I have only a few words to say on this particular subject. I would not have taken part in the Debate at all if I had not detected in the speech of my hon. Friend the Member for Luton (Mr. Warbey) some kind of doubt as to why, after contributions to other parts of the world have been finished, U.N.R.R.A. is contributing to Korea and to displaced persons. I heartily agree with my hon. Friend; I am pleased at this continued relief to the suffering. I was in Austria just after the visit there of the Select Committee, and I have read the Select Committee's report. Had I been a Member of that Committee I might have wanted to enlarge on the question of why U.N.R.R.A. is continuing to give assistance to displaced persons and to Korea. The answer surely is simple. Displaced persons have no nationality and are of no country, but they are gathered together in one place. I speak now of Austria, not Germany. In Austria someone must take responsibility for those displaced persons other than the government of the country in which they are residing. Otherwise that country would probably take the step which other countries have taken, namely, push them over the border Austria facing a future following the end of this year, in which she herself will lose a certain amount from U.N.R.R.A., is in no position to help these people. I am glad to say that I was assured by the representatives of U.N.R.R.A. that relief would go on even in the New Year for a period, shall we say of three months. It was not put exactly like that, but I was assured that relief would continute until the new organisation was ready to take its place. Because these displaced people are in Austria surely we would not expect Austria to support them. This must be the liability of the United Nations, a liability which they must honour. Hence my reason for intervening in the Debate.
I am sure my hon. Friend the Member for Harborough (Mr. Attewell) did not wish to misrepresent me, but I made it clear that I wanted U.N.R.R.A. to continue to aid displaced persons and Korea and not only displaced persons and Korea but all countries in need of urgent relief.
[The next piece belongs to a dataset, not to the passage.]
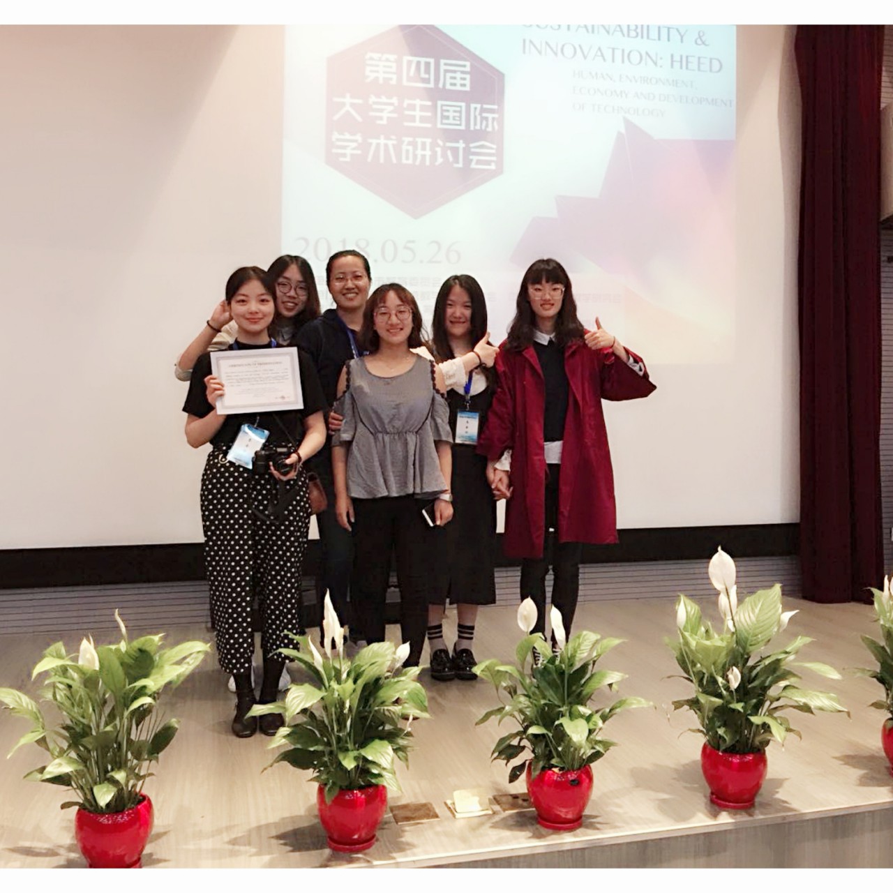 2018年5月25日至27日我院学生张琪、田园、孙倩玉、孔力洋、李芃芃、陈欢等六位同学在我校外国语学院学术英语教研室老师带领下,分别前往上海师范大学、南京审计大学参加“第四届大学生国际学术研讨会”。在上海师范大学主会场,我院会计2016级1班张琪(指导教师:唐建敏教授),代表我校进行了题为Data Analysis Based on the Consumption and Management of University Canteens—A Case Study of Shandong University of Science and Technology的主旨发言。本次研讨会全国共推荐5位主旨发言者,由于我校学术英语教研室组织得力,论文数量和质量都过硬,再加上张琪同学出色的论文内容以及全面的综合素质,因此得以有了这次难得的主旨发言机会。张琪同学提交的研究计划也在此次评选当中脱颖而出,获得优秀研究计划奖(全国仅16份研究计划获此奖项)。26日下午各分会场做论文宣读,我院会计学2016级学生田园、孙倩玉及孔力洋分别展示了关于“当今美国减税对中国现在和未来经济发展的影响”及“ 城镇化对农村手工业的影响”的海报。同时,在南京分会场我院财政学2016级学生陈欢、李芃芃进行主旨宣读,参会人员积极提出问题进行探讨,收获颇多。

Yes, I agree, but I thought I detected in the selection of these two cases a reflection of the attitude of bread politics. I want to dissociate Austria from that political line of thought.
2.55 p.m.
One of the most encouraging features in the middle of the grim war just concluded was the proposal, early in 1943, to establish this new international organisation to deal with some of the problems which were inevitable in such a conflagration. What was prophesied at that time, materialised in perhaps a more monstrous form than was imagined, for the Axis countries overran 35 of the nations in Europe and Asia, they employed the tactics of the "scorched earth" policy, and a policy of mass starvation and deportation as well as the destruction of machinery and industry. This has created in a way, never before experienced, great problems for the so called victor nations and indeed for the vanquished nations, too. I was greatly encouraged when I saw a lead given in this direction of trying to set up an organisation which should deal with some of the elemental needs of mankind. It was a great tribute to the sanity of some people that, when passions were inflamed, men should be sufficiently objective and even sufficiently generous as to project their minds into the condition of things which was likely to ensue on this awful catastrophe. Whatever may have been said here today, and in another place and at other times, all of us would agree that in starting this organisation America and Great Britain did a piece of work which is really to their credit, even if it is to stop now.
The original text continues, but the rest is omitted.